What needs to be done: Under this line are records; the part from the line containing "Como parte da" through the line containing "Kiegészítő kutyatáp. Összetevők: marhakollagén" should be repeated exactly. Please exclude pictures.

Provided data:
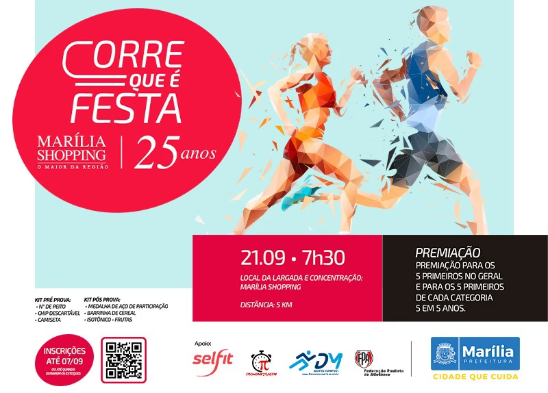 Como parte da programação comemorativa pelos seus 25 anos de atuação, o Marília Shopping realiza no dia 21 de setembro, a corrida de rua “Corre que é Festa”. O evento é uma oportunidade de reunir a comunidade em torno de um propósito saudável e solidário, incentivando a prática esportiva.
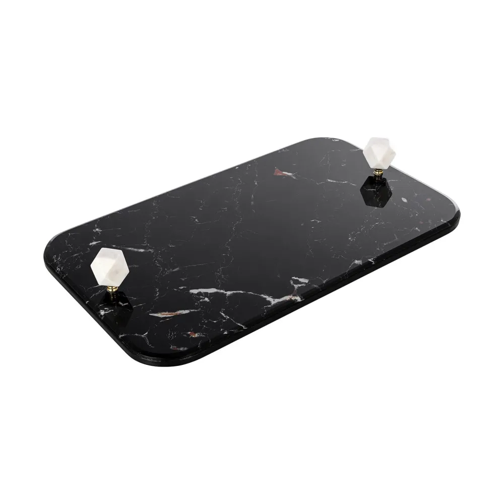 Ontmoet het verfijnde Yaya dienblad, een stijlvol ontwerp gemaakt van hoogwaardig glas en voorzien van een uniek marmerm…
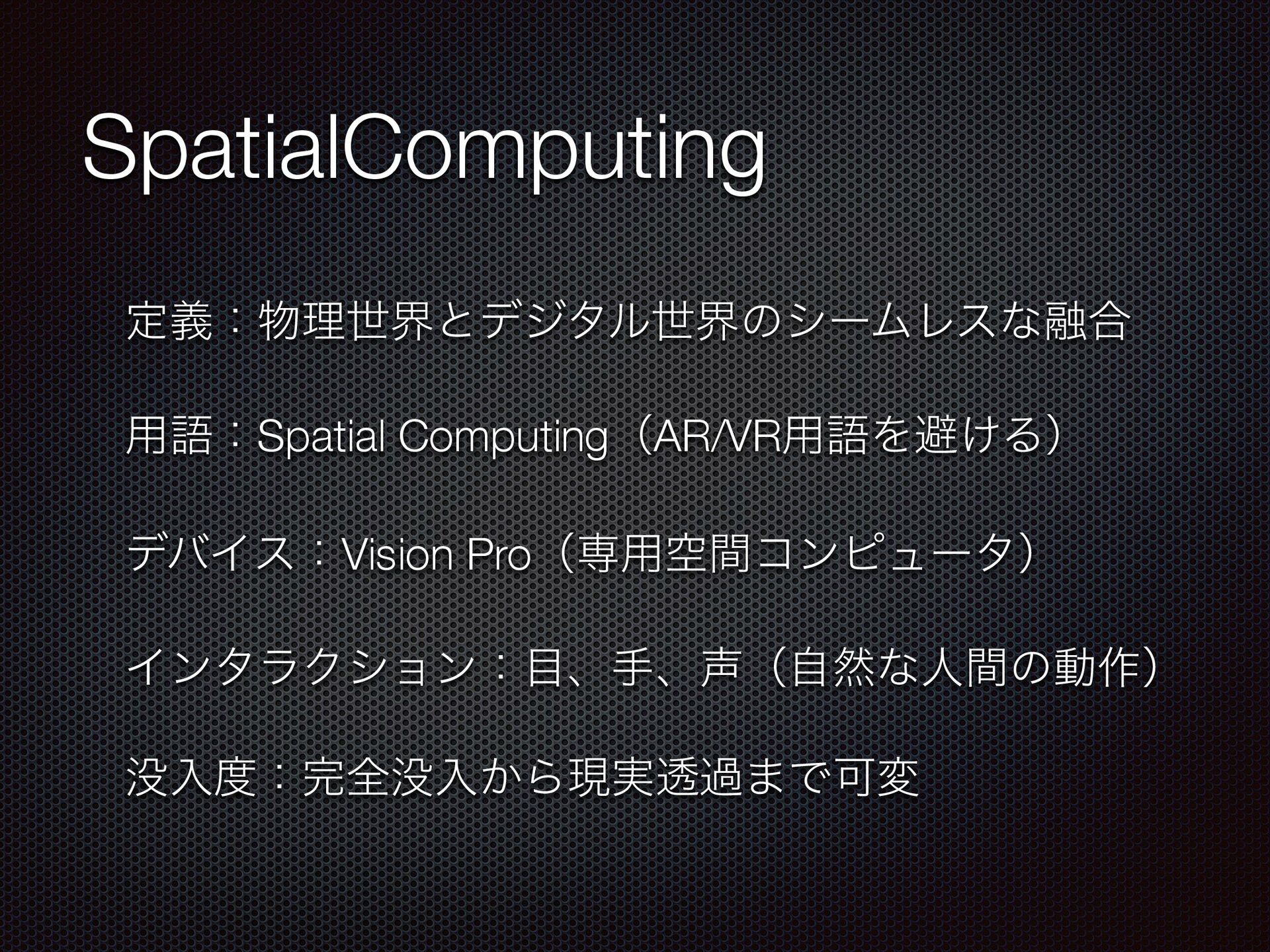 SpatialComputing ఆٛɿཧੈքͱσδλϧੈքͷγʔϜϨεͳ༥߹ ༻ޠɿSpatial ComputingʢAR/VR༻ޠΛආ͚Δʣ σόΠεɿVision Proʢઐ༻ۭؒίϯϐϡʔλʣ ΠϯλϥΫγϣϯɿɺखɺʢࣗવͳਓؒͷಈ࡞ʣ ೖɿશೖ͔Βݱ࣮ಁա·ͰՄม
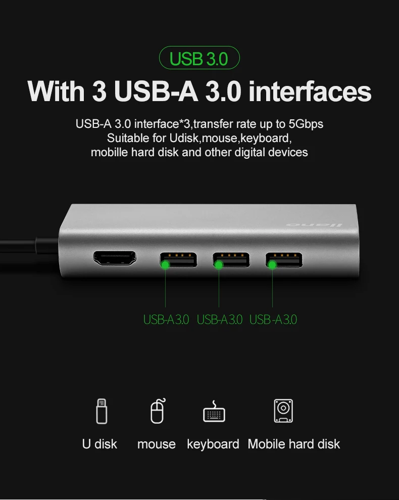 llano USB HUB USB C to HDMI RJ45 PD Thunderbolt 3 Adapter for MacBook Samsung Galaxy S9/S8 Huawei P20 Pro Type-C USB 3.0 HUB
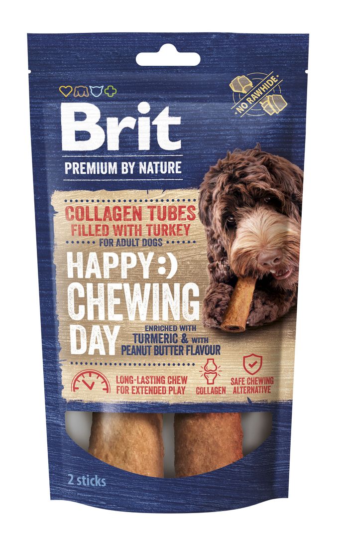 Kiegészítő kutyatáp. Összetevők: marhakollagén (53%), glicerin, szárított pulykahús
---
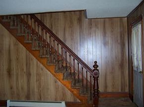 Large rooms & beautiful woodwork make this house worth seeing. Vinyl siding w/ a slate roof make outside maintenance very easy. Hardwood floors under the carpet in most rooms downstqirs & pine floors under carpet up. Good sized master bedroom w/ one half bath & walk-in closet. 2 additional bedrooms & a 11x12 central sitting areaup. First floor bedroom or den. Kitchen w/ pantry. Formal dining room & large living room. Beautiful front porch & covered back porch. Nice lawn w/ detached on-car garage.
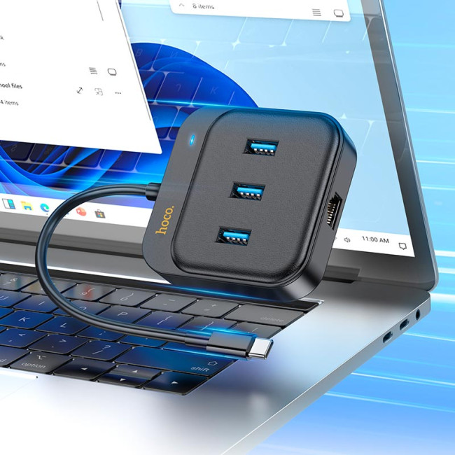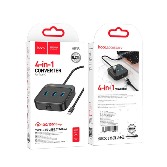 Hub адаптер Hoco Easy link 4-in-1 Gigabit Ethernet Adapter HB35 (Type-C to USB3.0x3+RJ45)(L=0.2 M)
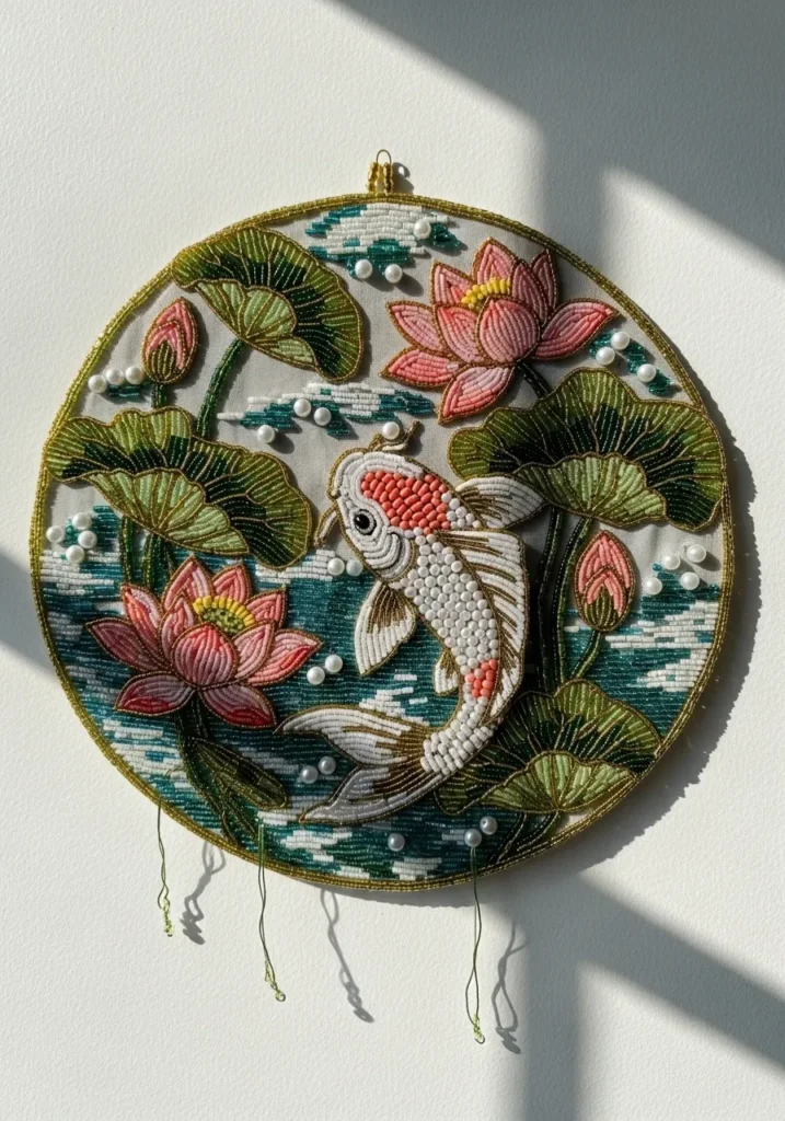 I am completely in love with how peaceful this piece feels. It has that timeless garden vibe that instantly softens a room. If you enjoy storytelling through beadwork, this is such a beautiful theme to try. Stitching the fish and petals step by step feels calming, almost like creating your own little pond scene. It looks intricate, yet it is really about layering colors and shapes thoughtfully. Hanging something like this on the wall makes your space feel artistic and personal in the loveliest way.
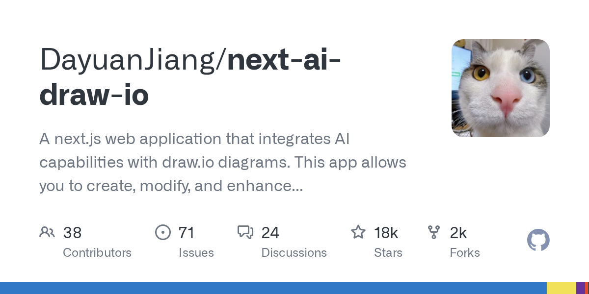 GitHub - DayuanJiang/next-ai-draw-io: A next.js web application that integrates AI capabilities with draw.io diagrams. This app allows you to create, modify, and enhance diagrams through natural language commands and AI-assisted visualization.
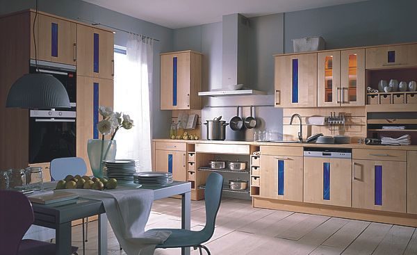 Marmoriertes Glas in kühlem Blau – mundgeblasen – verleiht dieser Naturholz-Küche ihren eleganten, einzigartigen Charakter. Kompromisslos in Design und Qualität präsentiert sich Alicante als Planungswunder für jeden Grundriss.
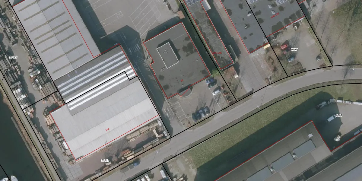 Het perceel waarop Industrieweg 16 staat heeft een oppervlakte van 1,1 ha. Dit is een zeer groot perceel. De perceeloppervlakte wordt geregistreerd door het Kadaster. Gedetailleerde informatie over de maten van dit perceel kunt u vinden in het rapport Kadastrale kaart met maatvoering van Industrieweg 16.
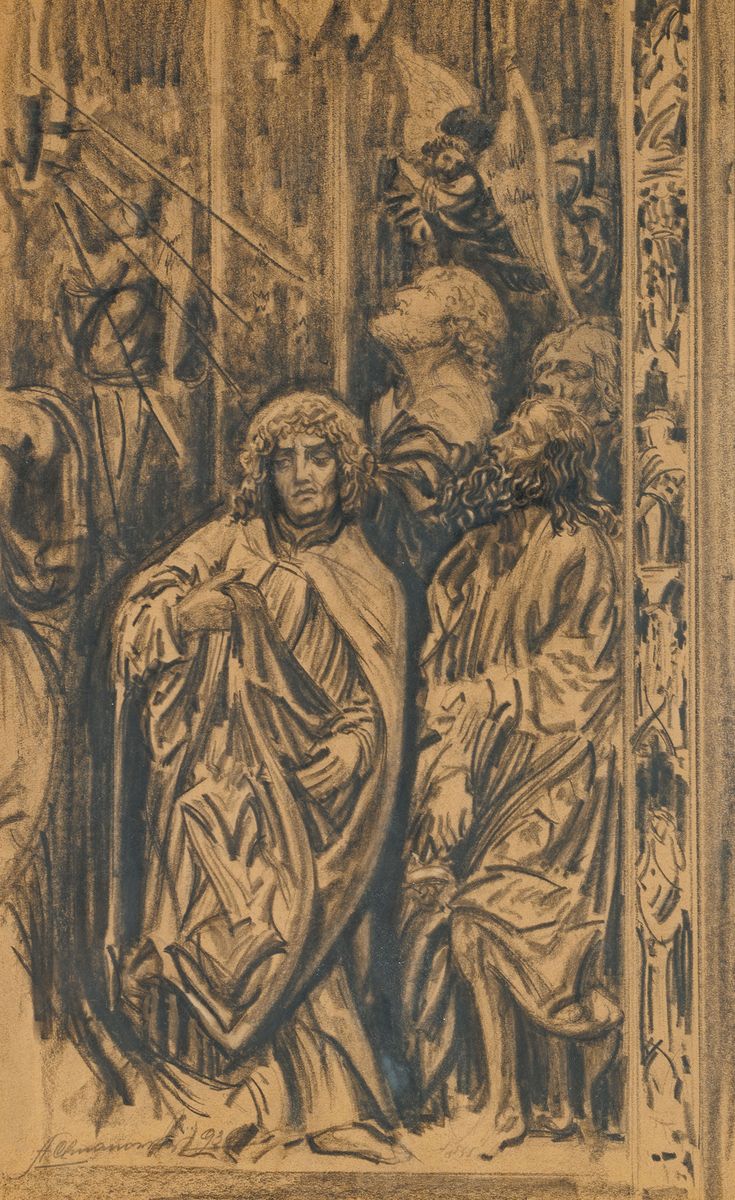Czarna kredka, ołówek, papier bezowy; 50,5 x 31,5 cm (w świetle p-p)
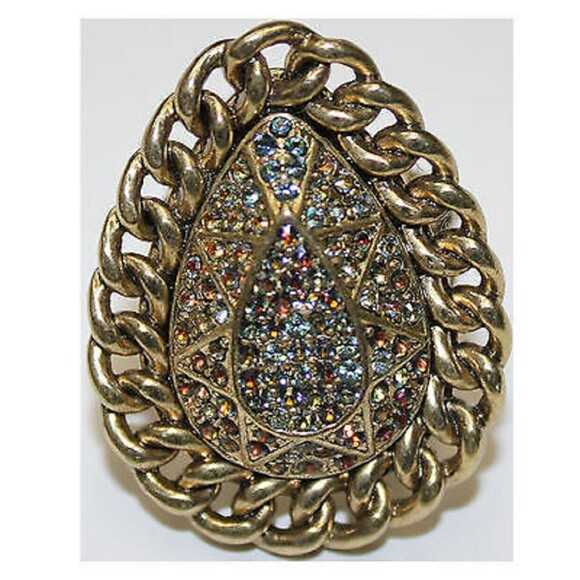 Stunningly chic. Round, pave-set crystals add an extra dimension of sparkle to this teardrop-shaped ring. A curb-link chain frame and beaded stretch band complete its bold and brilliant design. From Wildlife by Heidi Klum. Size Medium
--
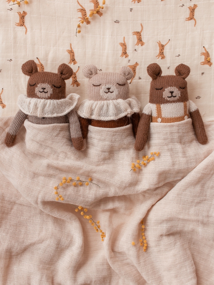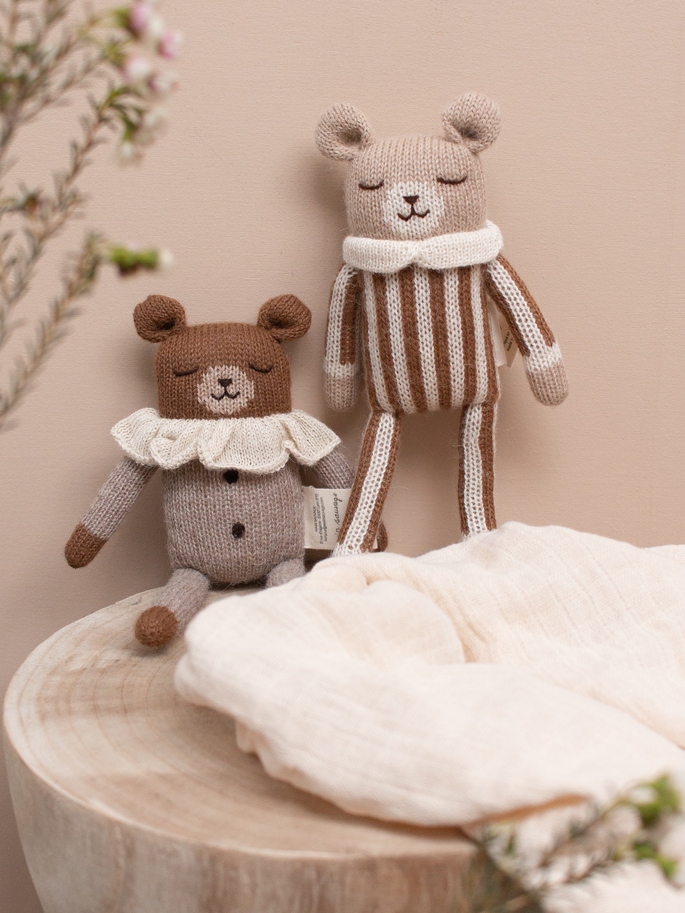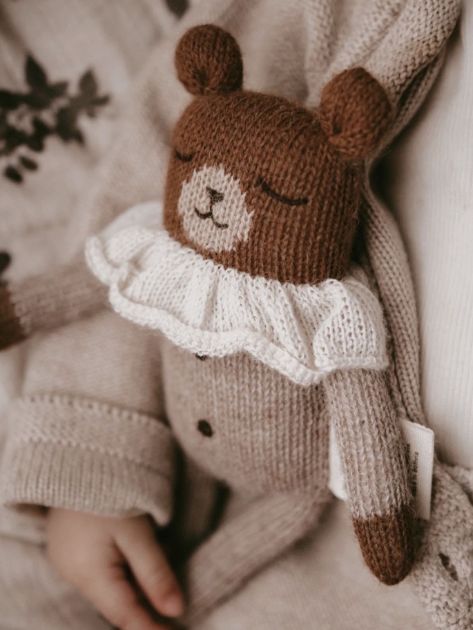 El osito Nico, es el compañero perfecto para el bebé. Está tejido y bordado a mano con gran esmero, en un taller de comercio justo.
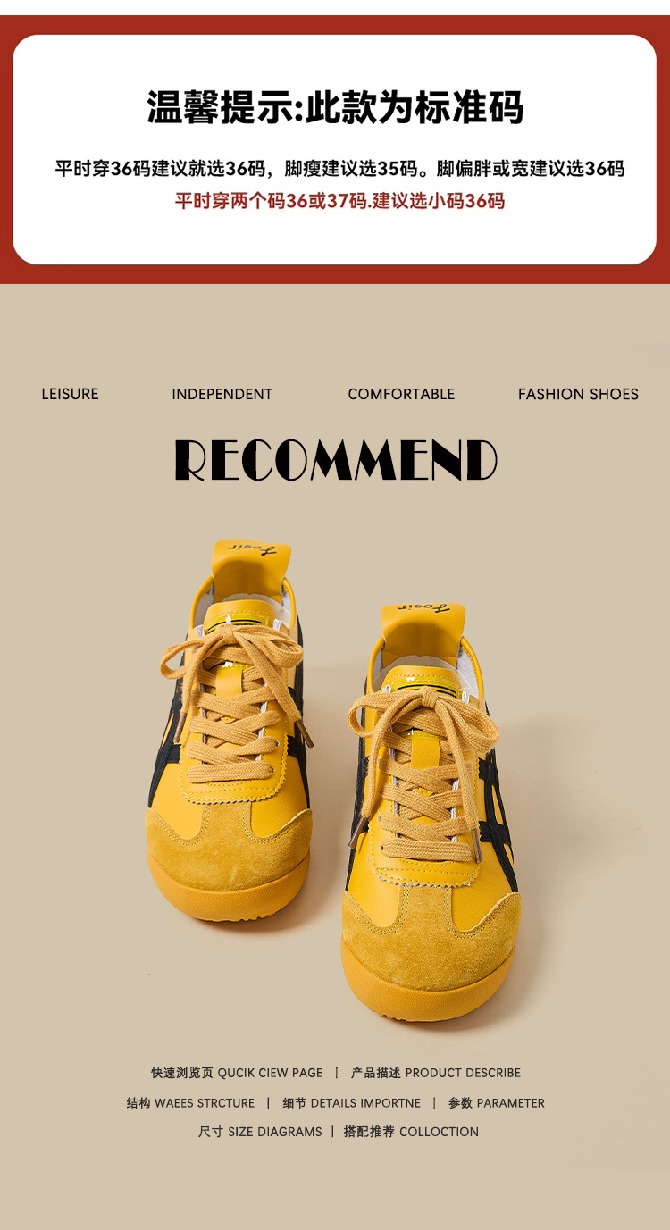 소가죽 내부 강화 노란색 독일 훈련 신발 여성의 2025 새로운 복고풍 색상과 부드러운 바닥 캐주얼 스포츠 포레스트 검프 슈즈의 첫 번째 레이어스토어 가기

Written solution:
 Como parte da programação comemorativa pelos seus 25 anos de atuação, o Marília Shopping realiza no dia 21 de setembro, a corrida de rua “Corre que é Festa”. O evento é uma oportunidade de reunir a comunidade em torno de um propósito saudável e solidário, incentivando a prática esportiva.
 Ontmoet het verfijnde Yaya dienblad, een stijlvol ontwerp gemaakt van hoogwaardig glas en voorzien van een uniek marmerm…
 SpatialComputing ఆٛɿཧੈքͱσδλϧੈքͷγʔϜϨεͳ༥߹ ༻ޠɿSpatial ComputingʢAR/VR༻ޠΛආ͚Δʣ σόΠεɿVision Proʢઐ༻ۭؒίϯϐϡʔλʣ ΠϯλϥΫγϣϯɿɺखɺʢࣗવͳਓؒͷಈ࡞ʣ ೖɿશೖ͔Βݱ࣮ಁա·ͰՄม
 llano USB HUB USB C to HDMI RJ45 PD Thunderbolt 3 Adapter for MacBook Samsung Galaxy S9/S8 Huawei P20 Pro Type-C USB 3.0 HUB
 Kiegészítő kutyatáp. Összetevők: marhakollagén (53%), glicerin, szárított pulykahús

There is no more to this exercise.